Techno-economic assessment of complex systems and development of user-friendly tools for energy assessment (CHP design web app)
Advanced optimisation algorithms and control logic to identify the best operational strategy in complex systems
Collaboration with energy services providers to deploy and field test our solutions
Recently, our know-how has extended to multi-energy systems, where generic goods that can represent services, energy fluxes or actual products are exchanged and converted into one another within a local microgrid.

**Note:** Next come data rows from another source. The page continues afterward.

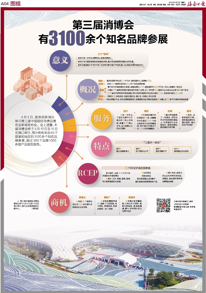 4月3日,国务院新闻办举行第三届中国国际消费品博览会新闻发布会。会上透露,本届消博会将于4月10日至15日在海口举行,预计将有来自65个国家和地区的3100余个知名品牌参展,超过300个品牌1000余款产品首发首秀。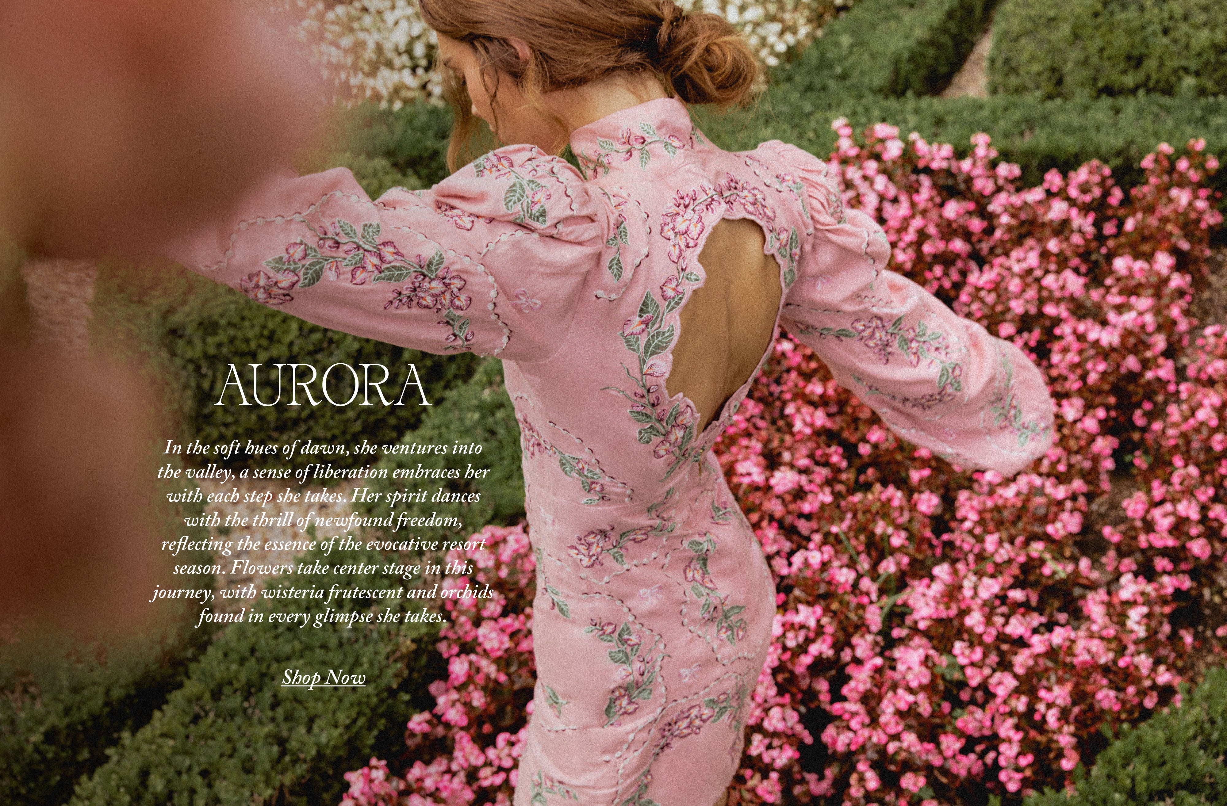 This season Agua by Agua Bendita is thrilled to present Aurora, an enthralling collection inspired by the odyssey of a soul in search of an eternal garden through the valleys of Colombia. Evoking the allure of Colombia’s rich flora and fauna, we present exquisite garments in soft pastel hues reminiscent of the season. The collection showcases exquisite 3D butterflies, specifically the mariposa blanca / lymanopoda paramera, an endemic species of Colombia, alongside beloved coffers, a signature of Agua since its very first collection.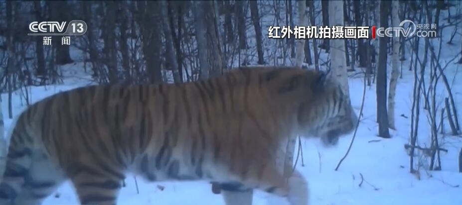 國家林業(yè)和草原局貓科動物研究中心科研助理 趙越:當(dāng)時我們放歸的時候,它是一只亞成年的東北虎,到現(xiàn)在它的體型變得更加大,而且也壯碩了很多。除了東北虎以外,還有東北豹的相關(guān)活動(視頻)。我們通過花紋比對和出現(xiàn)的信息,我們判斷不止一只東北豹在這個地區(qū)活動。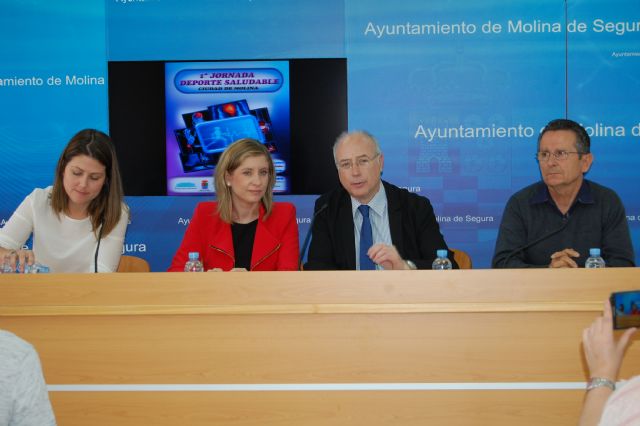 La I Jornada de Deporte Saludable "Ciudad de Molina", promovida por el Hospital de Molina, el Ayuntamiento de Molina de Segura y la Asociación de Deportistas de Molina (ADM), se celebrará el miércoles 1 de junio. Esta mañana se ha presentado en rueda de prensa en el Consistorio molinense, con la presencia de la Alcaldesa de Molina de Segura, Esther Clavero Mira, el Director-Gerente del Hospital de Molina, Pedro Hernández Jiménez, la Concejala de Salud Pública del Ayuntamiento de Molina de Segura, Esther Sánchez Rodríguez, y el Presidente de la ADM, Miguel Sánchez Palazón.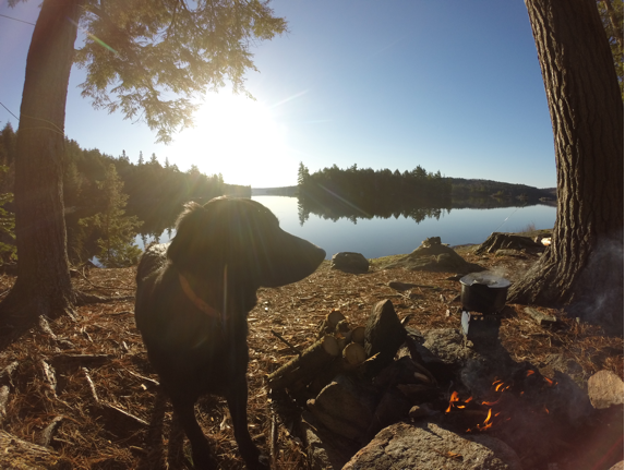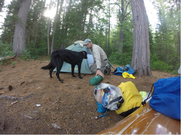 I hate dogs that bark and bark and bark. It’s not nice for other campers to listen to either. She is pretty quiet. Only to bark in camp to warn me of a killer Chipmunk or a stranger on a portage, or perhaps a canoe that is going by our camp that she thinks will invade our paradise.  A quick yell, she will stop in most part. In the canoe, surprisingly, she does not bark at all or seldom.

The future of electricity is digital!
The increasing electrification of our society (involving transports, HVAC systems, and most of domestic and non-domestic appliances), and the diffuse digitalisation of control systems, offers great opportunities for integrated energy production and consumption management. Our research focuses on:
Integration of Electric Vehicles (EV) recharge stations in multi-energy microgrids
Collective management of distributed demand (aggregators) and generation (virtual power plants)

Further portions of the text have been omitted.